Four games. Twelve hours of glorious playoff baseball. Here’s what went down:
THE BINDER GETS IT RIGHT
If you ever want to drill down to the essence of Moneyball, there’s a single mantra that gets spouted in both dugouts and boardrooms. Greg Maddux preaches it, and so does Dean Smith. The secret to smart decision-making in any field, we’re told, boils down to three simple words: Process over results.
By emphasizing process over results, we can better understand how to succeed in the future. So if a decision goes your way but that decision wasn’t grounded in sound thinking, you should ignore the positive result and start over. If a decision blows up in your face but you used all the right ideas to get there, stick with that thinking and you’ll be rewarded in the future. Like this, basically.

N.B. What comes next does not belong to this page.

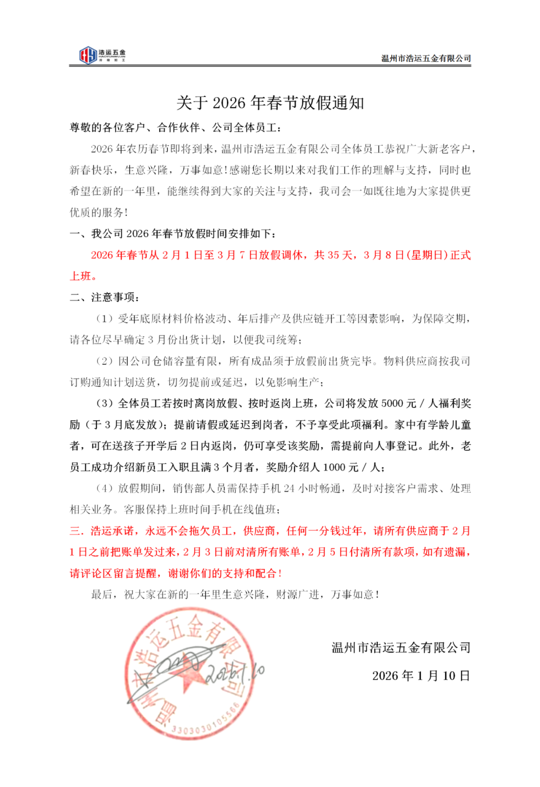 1月10日,浩运五金发布了2026年春节放假安排,2月1日至3月7日放假调休,共35天。全体员工若按时离岗放假、按时返岗,公司将发放每人5000元的福利奖励,奖金于3月底发放。另外,家里有学龄儿童的员工,可在孩子开学后两天内返岗,同样能享受这项奖励。

In the bottom of the ninth inning of Wednesday’s Yankees-Orioles game, New York manager Joe Girardi had 40-year-old Raul Ibanez pinch hit for Alex Rodriguez, taking one of the best players in baseball history out of a one-run game and replacing him with a hitter who struggles to get on base and doesn’t have 1/10,000th the pedigree that A-Rod does. Ibanez homered to tie the game. Then he homered again to win it in the 12th. Just like that, Joe Girardi became a full-on genius, with a little help from his much-maligned binder.
But wait! We can’t laud Girardi for his decision to pinch hit Ibanez for A-Rod unless the process he used to arrive at that move was sound. So was it?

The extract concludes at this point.